We found that cyclin A-CDK activity regulates the re-activitation of replication origins at two levels. First, cyclin A-CDK activity is required for the large increase in ploidy observed, consistent with the known role of CDK activity in activating the pre-RC for initiation [1]. Second, cyclin A-CDK activity appears to differentially inhibit pre-RC re-assembly in the euchromatin and heterochromatin. The simultaneous depletion of both cyclin A and geminin results in the global re-assembly of the pre-RC in both euchromatin and heterochromatin (Figure 6). In contrast, depletion of only geminin results in pre-RC re-assembly specific to the heterochromatin, suggesting that cyclin A-CDK activity specifically inhibits pre-RC assembly in the euchromatin. In humans, the N-terminal domain of ORC1 contains consensus CDK phosphorylation sites which can be phosphorylated in vitro by cyclin A-CDK activity and may regulate the SCF/Skp2 mediated turnover of ORC1 during S phase [58]. In Drosophila, the ORC1 N-terminus also contains potential CDK phosphorylation sites, an additional O-box for APC mediated destruction [59], and is essential for the binding of ORC1 with HP1 [56]. We propose that the interaction between ORC1 and HP1 may protect ORC1 from inhibitory cyclin A-CDK signals or destruction by the APC, thereby differentially sensitizing heterochromatic and euchromatic origins of replication to un-licensed pre-RC assembly.

Materials and Methods

Cell growth and drug treatment

Drosophila Kc167 cells were cultured at 25°C in Schneider's Insect Cell Medium (Invitrogen) supplemented with 10% fetal bovine serum and 1% penicillin/streptomycin/glutamine (Invitrogen).
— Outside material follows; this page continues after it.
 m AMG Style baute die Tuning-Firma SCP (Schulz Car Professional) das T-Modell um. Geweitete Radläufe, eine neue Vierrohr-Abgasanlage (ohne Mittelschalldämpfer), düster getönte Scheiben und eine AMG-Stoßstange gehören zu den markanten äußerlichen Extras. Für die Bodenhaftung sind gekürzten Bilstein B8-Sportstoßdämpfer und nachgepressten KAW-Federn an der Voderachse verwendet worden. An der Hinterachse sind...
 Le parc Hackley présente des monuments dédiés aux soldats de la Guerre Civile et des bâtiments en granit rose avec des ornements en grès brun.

DNA synthesis was inhibited by treatment with 1 mM hydroxyurea (Sigma) or 7 µM aphidicolin (Sigma).

RNA interference

All double-stranded RNAs were generated using gene-specific PCR products (∼700bp) flanked by T7 polymerase-binding sites as templates for in vitro transcription reactions with the T7 RiboMax express large-scale RNA production system (Promega). Primers are available upon request. For each RNAi experiment, cells were washed with and diluted in serum-free medium to a final concentration of 2×106 cells/ml. 15µg dsRNA was added per 1×106cells, gently mixed, and incubated for one hour. After the incubation, 2× medium was added resulting in a final concentration of 1×106 cells/ml. The cells were incubated for 1–2 days before harvesting.
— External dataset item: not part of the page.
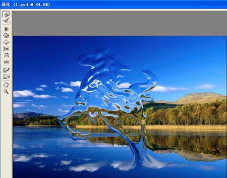 7、在背景副本图层上执行液化滤镜,调整合适大小的画笔作如图变形。(由水面往上推,过渡要自然,做成水被往上抽的效果。)液化完成后建立一张快照,将历史画笔定位在快照上。

Array hybridization and data analysis

DNA was isolated as described [60]. Isolated DNA was sheared and labeled with either fluorescent Cy5- or Cy3-conjugated dUTP (GE Healthcare Bio-Sci Corp.) using Sequenase (US Biochemicals) and a random nonamer oligo (IDT). The labeled DNA was purified using Microcon YM-30 filters (Millipore) and hybridized to custom Agilent tiling microarrays overnight at 65°C. The slides were then washed and scanned as per Agilent recommendations. The Agilent generated tif files from each genomic microarray were processed and analyzed in R [61], a free software environment for statistical computing and graphics. The LIMMA package [62] from the BioConductor project [63] was used to normalize the ratio of the Cy5 and Cy3 channels across each genomic tiling array by loess normalization. Quantile normalization was used to normalize between replicate slides. The relative copy number between control and geminin depleted cells was determined by the log ratio of Cy5 and Cy3. To assess the significance of the copy number enrichment for different genome features (chromosome, heterochromatin, euchromatin, etc) a Student's t-test was utilized and p-values are indicated in the figure legends. All genomic coordinates are based on the 5.0 assembly of the Drosophila genome. The analysis of the replication timing data is described in MacAlpine et al., 2010.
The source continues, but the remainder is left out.